Assignment: When you repeat the entries below, please keep them exact and leave out the pictures.

Items listed in a dataset
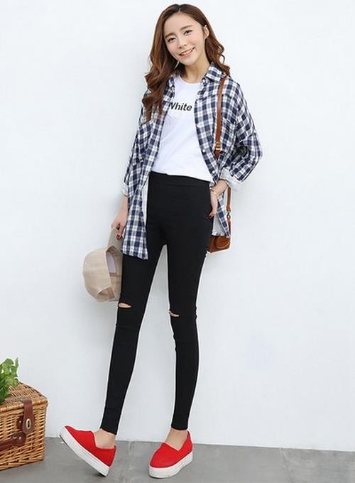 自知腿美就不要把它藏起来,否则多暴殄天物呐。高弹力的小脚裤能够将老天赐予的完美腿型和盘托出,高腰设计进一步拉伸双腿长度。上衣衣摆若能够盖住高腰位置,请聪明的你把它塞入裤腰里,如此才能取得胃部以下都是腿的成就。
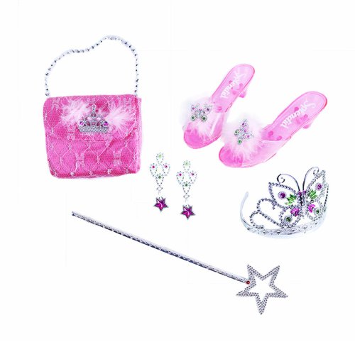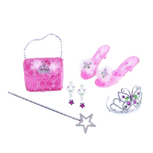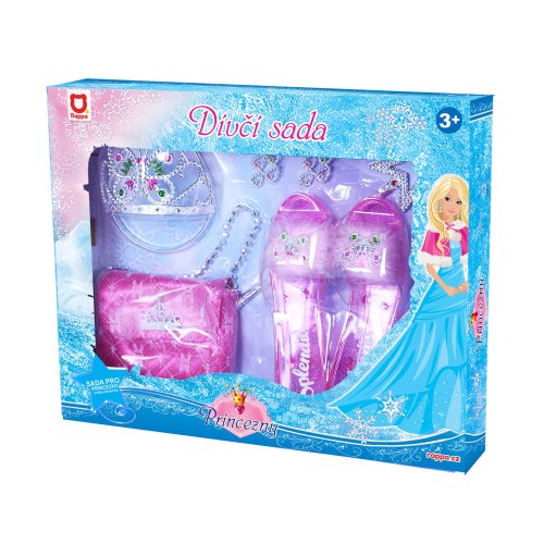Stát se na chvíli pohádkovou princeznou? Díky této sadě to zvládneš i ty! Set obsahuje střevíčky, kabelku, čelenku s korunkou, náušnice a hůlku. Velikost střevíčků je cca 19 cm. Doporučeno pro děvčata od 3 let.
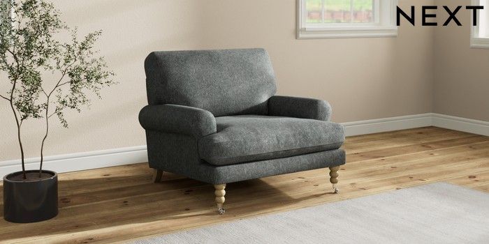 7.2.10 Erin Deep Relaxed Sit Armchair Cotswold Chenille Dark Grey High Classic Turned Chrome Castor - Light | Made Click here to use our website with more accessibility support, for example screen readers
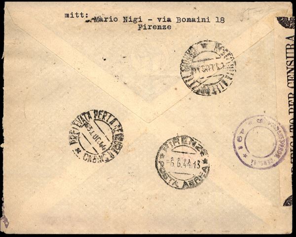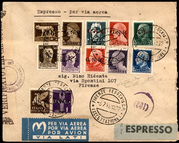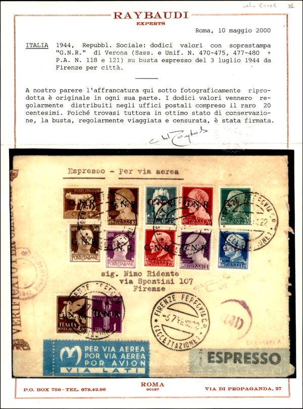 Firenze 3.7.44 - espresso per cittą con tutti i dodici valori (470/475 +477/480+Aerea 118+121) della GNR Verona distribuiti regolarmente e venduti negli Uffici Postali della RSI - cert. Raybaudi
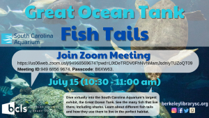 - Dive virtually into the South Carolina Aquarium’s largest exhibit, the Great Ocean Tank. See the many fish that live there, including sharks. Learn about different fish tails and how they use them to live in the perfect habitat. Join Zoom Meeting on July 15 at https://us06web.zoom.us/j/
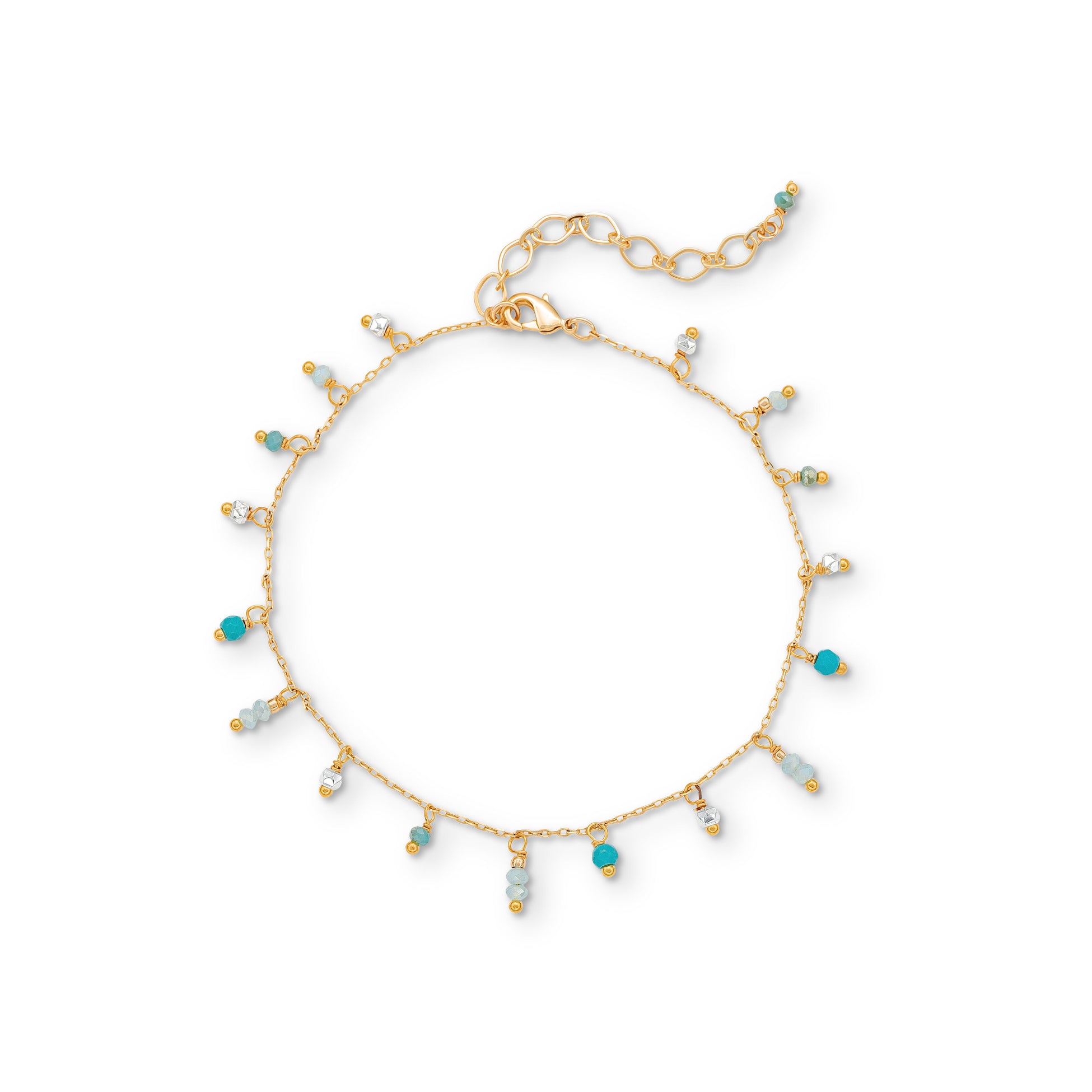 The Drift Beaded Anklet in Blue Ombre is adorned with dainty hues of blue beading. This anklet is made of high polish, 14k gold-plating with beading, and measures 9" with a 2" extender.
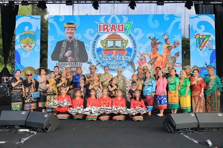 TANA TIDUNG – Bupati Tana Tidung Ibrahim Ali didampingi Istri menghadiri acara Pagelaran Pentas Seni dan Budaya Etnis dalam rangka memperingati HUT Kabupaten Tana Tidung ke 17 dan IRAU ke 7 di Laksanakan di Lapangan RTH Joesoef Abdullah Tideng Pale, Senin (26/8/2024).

Solved problem:
 自知腿美就不要把它藏起来,否则多暴殄天物呐。高弹力的小脚裤能够将老天赐予的完美腿型和盘托出,高腰设计进一步拉伸双腿长度。上衣衣摆若能够盖住高腰位置,请聪明的你把它塞入裤腰里,如此才能取得胃部以下都是腿的成就。
Stát se na chvíli pohádkovou princeznou? Díky této sadě to zvládneš i ty! Set obsahuje střevíčky, kabelku, čelenku s korunkou, náušnice a hůlku. Velikost střevíčků je cca 19 cm. Doporučeno pro děvčata od 3 let.
 7.2.10 Erin Deep Relaxed Sit Armchair Cotswold Chenille Dark Grey High Classic Turned Chrome Castor - Light | Made Click here to use our website with more accessibility support, for example screen readers
 Firenze 3.7.44 - espresso per cittą con tutti i dodici valori (470/475 +477/480+Aerea 118+121) della GNR Verona distribuiti regolarmente e venduti negli Uffici Postali della RSI - cert. Raybaudi
 - Dive virtually into the South Carolina Aquarium’s largest exhibit, the Great Ocean Tank. See the many fish that live there, including sharks. Learn about different fish tails and how they use them to live in the perfect habitat. Join Zoom Meeting on July 15 at https://us06web.zoom.us/j/
 The Drift Beaded Anklet in Blue Ombre is adorned with dainty hues of blue beading. This anklet is made of high polish, 14k gold-plating with beading, and measures 9" with a 2" extender.
 TANA TIDUNG – Bupati Tana Tidung Ibrahim Ali didampingi Istri menghadiri acara Pagelaran Pentas Seni dan Budaya Etnis dalam rangka memperingati HUT Kabupaten Tana Tidung ke 17 dan IRAU ke 7 di Laksanakan di Lapangan RTH Joesoef Abdullah Tideng Pale, Senin (26/8/2024).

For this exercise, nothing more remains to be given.